ST. JOHNS COUNTY, Fla. — St. Johns County commissioners got an earful Tuesday as people from all corners of the county told their elected officials they want less – or smarter -- development and construction.
"Oh the trees," St. Augustine native Greg Clifton sighed. "At the lighthouse, they have these old windswept scrub oaks. To me, that’s always been St. Augustine."
Then he compared those trees to the ones he sees coming down for development around the county.
"If you go down (State Road) 207 -- I get so mad every time I ride by – the developers come in and plow every single thing down. They don’t need to," he said.
Clifton was one of more than 60 residents who spoke to county commissioners at a growth management workshop Tuesday. Some of them waited in line at times to have their say.
Public comment lasted for more than two and a half hours.
One woman said clear-cutting is destroying the quality of life in the county. Many mentioned traffic congestion. Others said the county is at capacity. Still others showed photos of subdivisions being built on wetlands.
St. Johns County is one of the fastest growing counties in the nation. However, more and more lately, the people who live here are calling on government leaders to slow down the rubber-stamping of sprawling subdivisions and shopping centers.
The Matanzas Riverkeeper, Jen Lomberk, sat in on the meeting. She was impressed with the number of people who came out to speak and said input is valuable, but action is necessary.
"So I’m hoping this continues with a move to a deeper dive into specific issues and culminates in concrete recommendations to changes that can be made to help us develop growth," Lomberk told First Coast News.

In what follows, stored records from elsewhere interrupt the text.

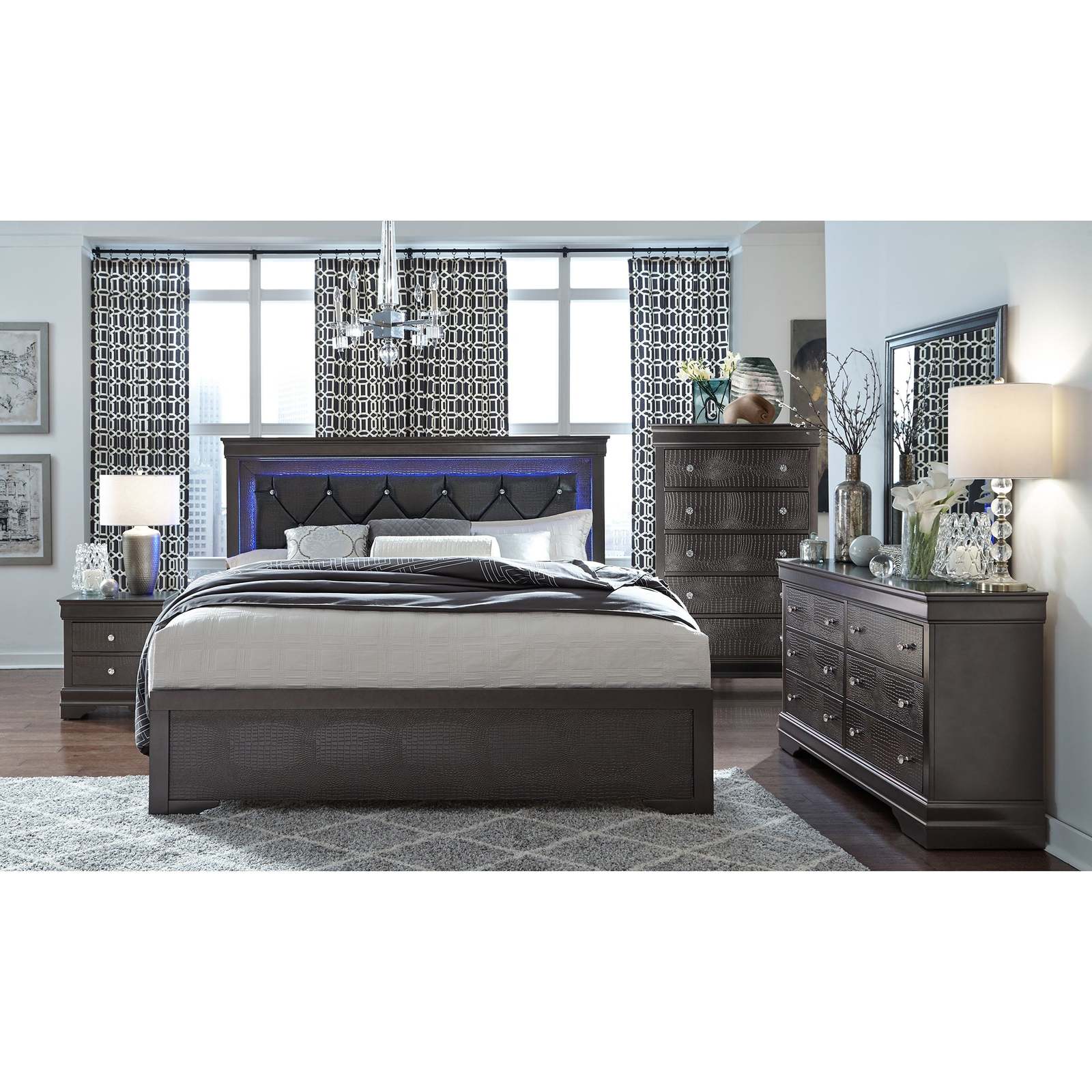 Place of Origin Malaysia Main Color Grey Main Material Solid Wood+MDF Product Style Contemporary Bed Size Queen Box Spring Requirements Box Spring Required Wood Type Rubberwood Use Case Bedroom Wood Tone Gray Bed Frame Material Wood Pieces Included Bed Included,Chest Included,Dresser Included,Mirror Included,Nightstand Included Number of Pieces 5 Piece Set Bed features Built-in Lighting Upholstery Material Faux Leather Dangerous Goods #dangerFlag#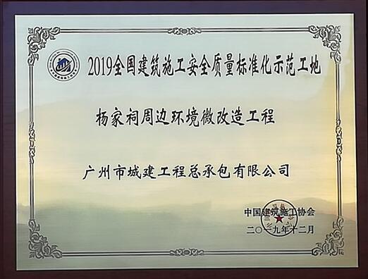 2020年1月,公司安徽住方科技有限公司年產(chǎn)300萬㎡鋁合金門窗智能工廠工程項目和楊家祠周邊環(huán)境微改造工程,分別榮獲"2019國家優(yōu)質(zhì)工程獎"與"2019全國建筑施工安全質(zhì)量標(biāo)準(zhǔn)化示范工地"。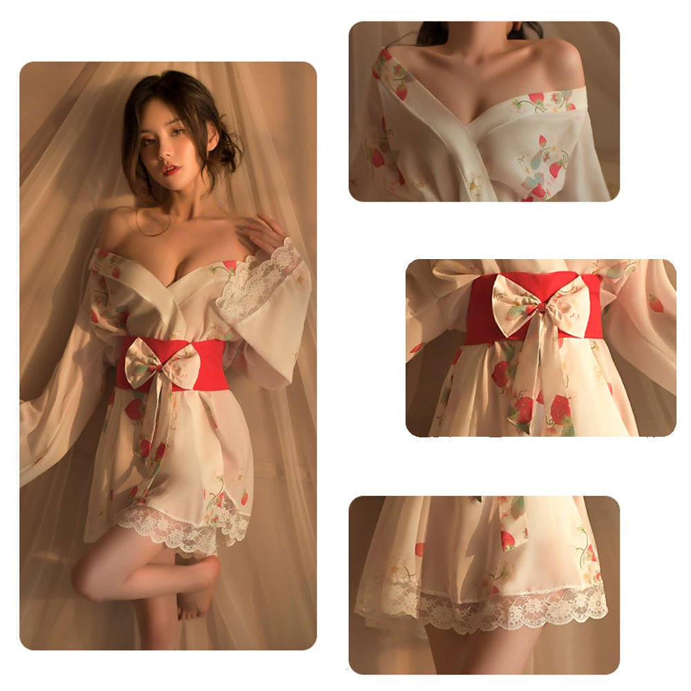 Design: sexy japanese cosplay lingerie is semi-transparent but still offers some coverage. Show off your curves and figure while staying comfortable. Wrap around gorgeous Japanese kimono belt (obi) with velcro for a snatched waist. Kimono with wide sleeves, lace trimming and a cute bow at the front. This cute strawberry print on this women's kimono pajamas adds interest to your life and makes you look younger and sexier.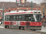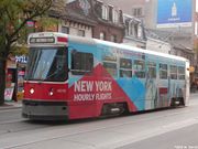 833 KB | TTC 4019, a 1978-81 UTDC/Hawker Siddeley CLRV streetcar, is seen working route 502 Downtowner on Queen St. W. in downtown Toronto. This streetcar features a full wrap for Air Canada. | 1 |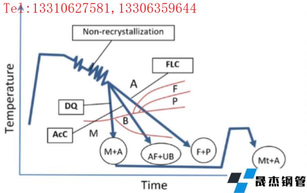 自1980年世界上第一台在线加速冷却装置应用于大工业生产的钢板轧机以来,[1]热机控轧控冷技术经历了三代创新;快速层流冷却(FLC),加速冷却(AcC)和直接淬火(DQ)与在线回火,[2]如图1所示。控制轧制技术主要通过细化铁素体晶粒组织来提高韧性,[3]然而,TMCP通过奥氏体转变为针状铁素体和贝氏体转变而获得带钢的高强度,并增强了韧性。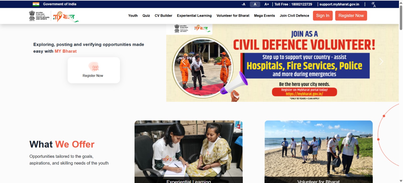 इस पोर्टल के माध्यम से युवा स्वयं को सिविल डिफेंस वॉलंटियर के रूप में भी रजिस्टर कर सकते हैं। इसके अंतर्गत वे आपातकालीन सेवाएं जैसे फायर सर्विस, अस्पताल और पुलिस विभाग की गतिविधियों में सहायक भूमिका निभा सकते हैं।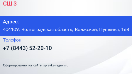 СШ №3 по адресу 404109, Волгоградская область, Волжский, Пушкина, 168 в дальнейшем Организация, размещена в следующих категориях: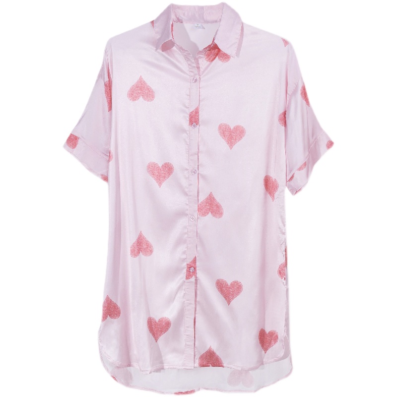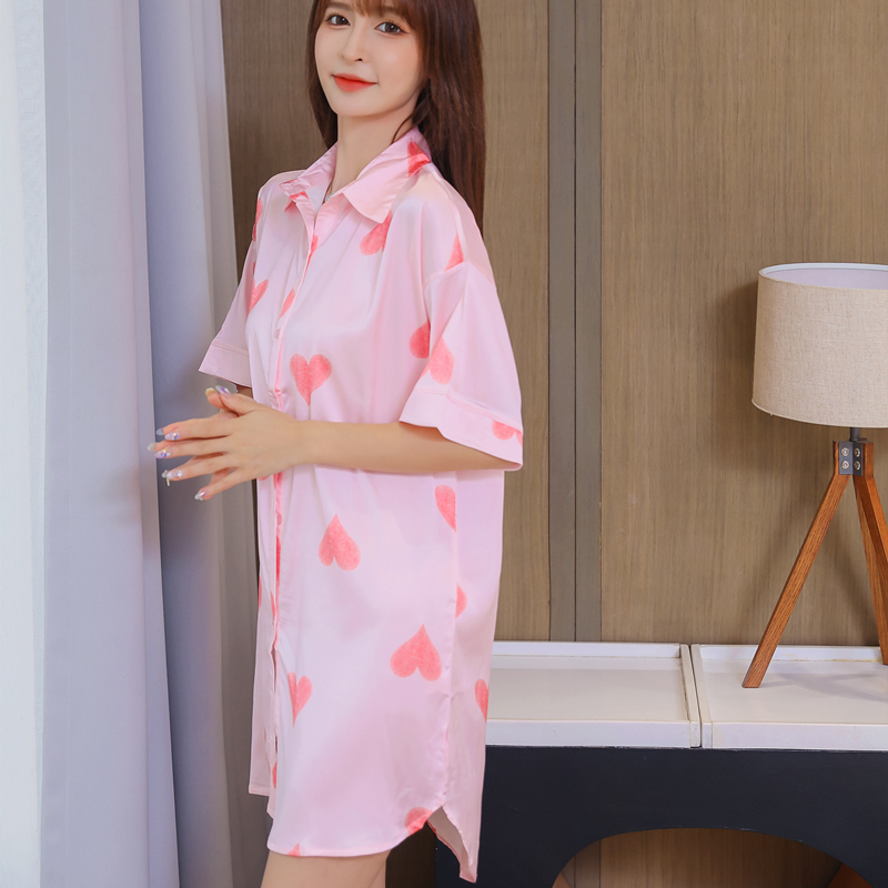 Sleepwear Woman Shirt 2021 New Summer Short Sleeve Sweet home Exterior Wear Pink Shirt Ice Silk Sleeping Dress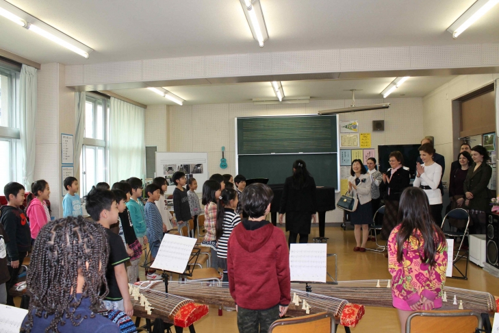 Пані Марина разом із директором школи пані Ясуко Цутія обговорили питання навчання дітей з особливими потребами у загальноосвітніх школах. Директор розповіла, що в очолюваному нею закладі навчаються діти з синдромом Дауна, аутизмом та ДЦП. За словами пані Ясуко, в школі ефективно використовується спільне навчання дітей з обмеженими можливостями разом з дітьми, що не мають таких обмежень.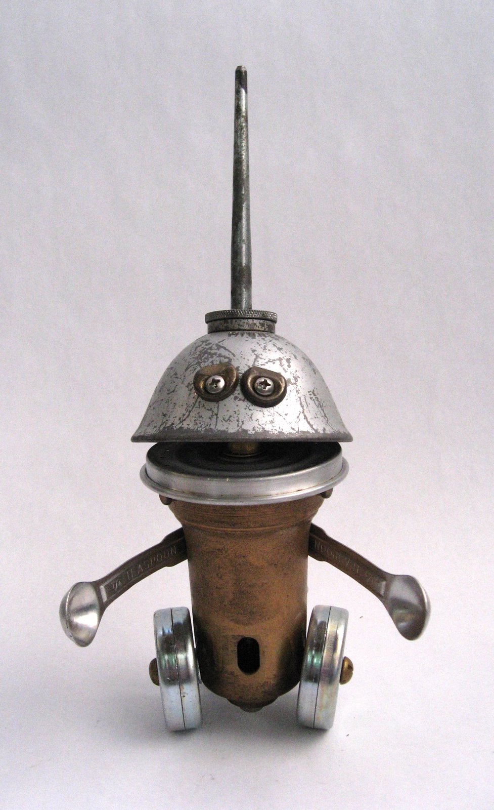Американец Brian Marshall (aka Adoptabot) делает свои скульптуры из старых масленок, алюминиевых ложек, карандашных точилок и электросчетчиков.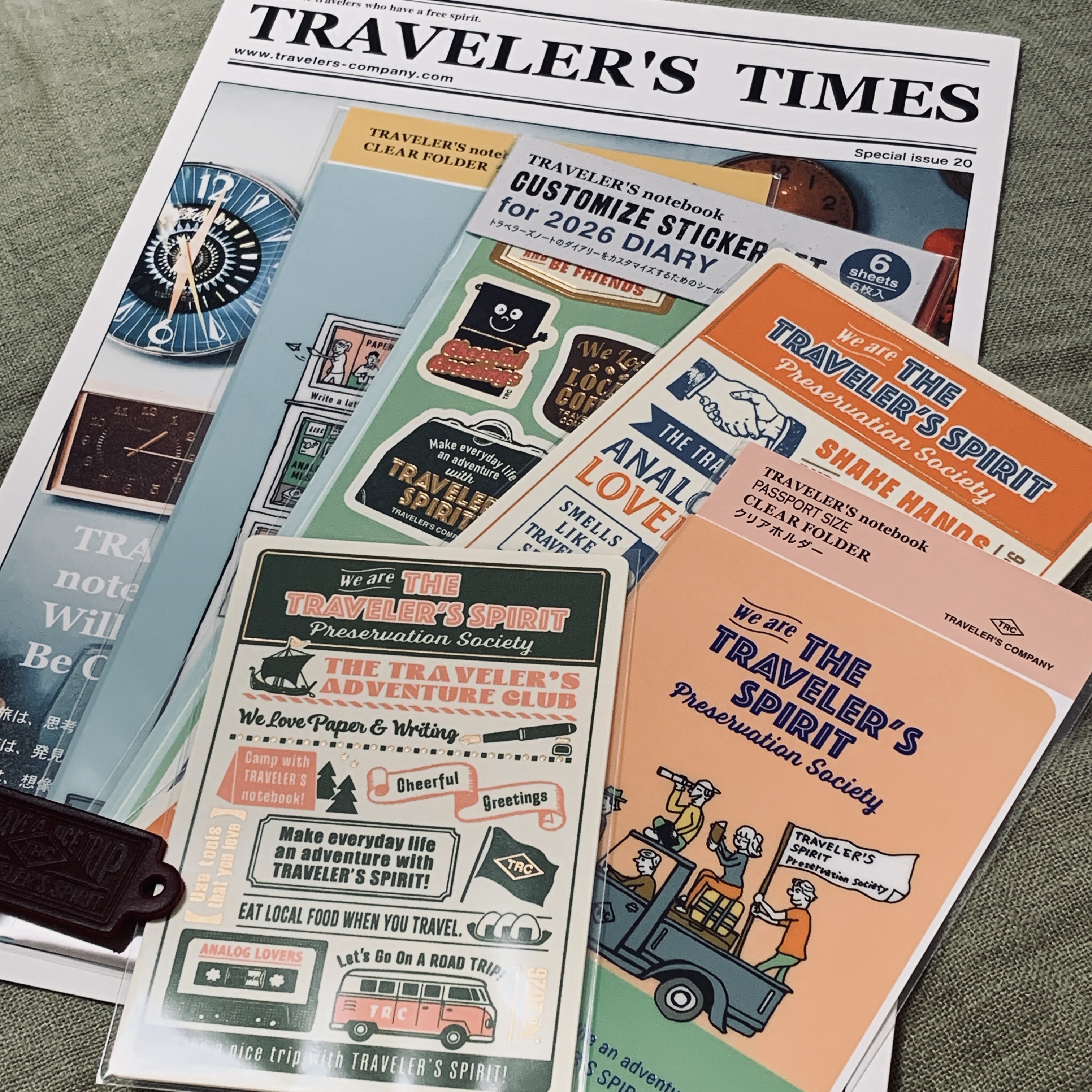 ということで、毎年恒例『トラベラーズカンパニー』のトラベラーズノート限定タグ、2026下敷き、2026クリアファイルなどを入手しましたー!今年のテーマもセンス良くてかわいい。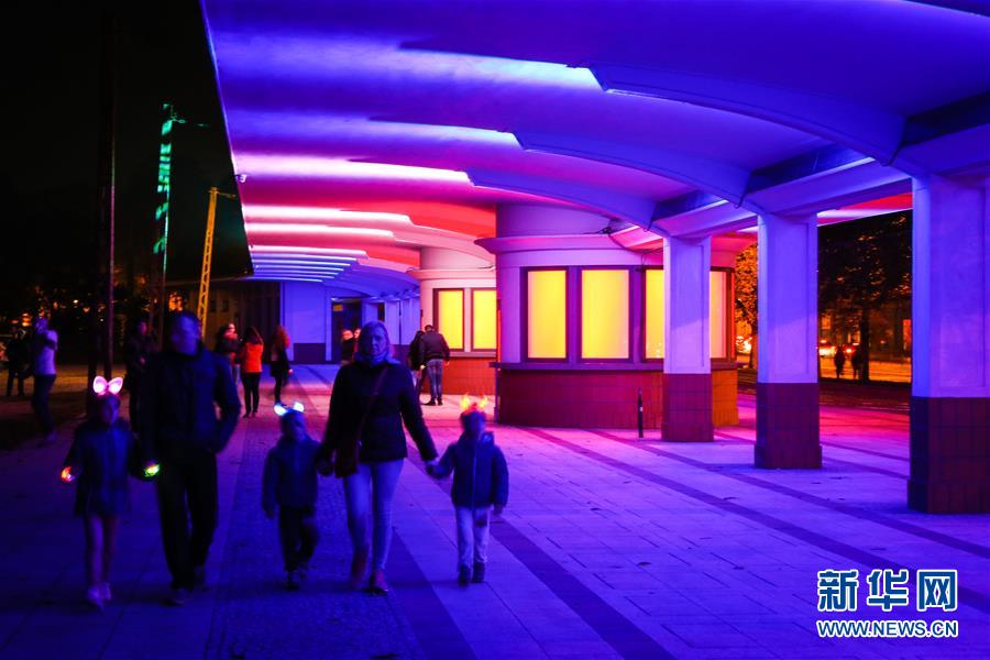 9月28日,游客在波蘭羅茲市中心舉辦的2018“舞動”燈光節(jié)上游玩。2018“舞動”燈光節(jié)于9月28日至30日在波蘭中部交通樞紐城市——羅茲市舉行,各式各樣的光影表演在這座城市的各個角落同時上演,組成了一場如夢如幻的大型燈光秀。新華社記者陳序攝
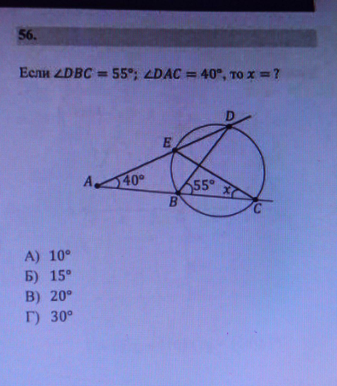Если угол DBC = 55градусов, угол DAC = 40градусов, то х=?

No policy action was taken at the meeting, but there were some takeaways for the commissioners.
At the end of the meeting, County Commissioner Jeremiah Blocker questioned aloud, "Do we have the right form of government for our current and future growth needs? We are really set up to address the needs of a very rural community. We’re not a rural community anymore."
Clifton, the man who admires the trees by the lighthouse said, “St. Augustine needs to say, 'this is what we want.' It’s not developers telling us what to do. We should be telling the developers the lifestyle we want."
Clifton hopes government leaders listen, and plan well, to protect the places that native Floridians and newcomers love.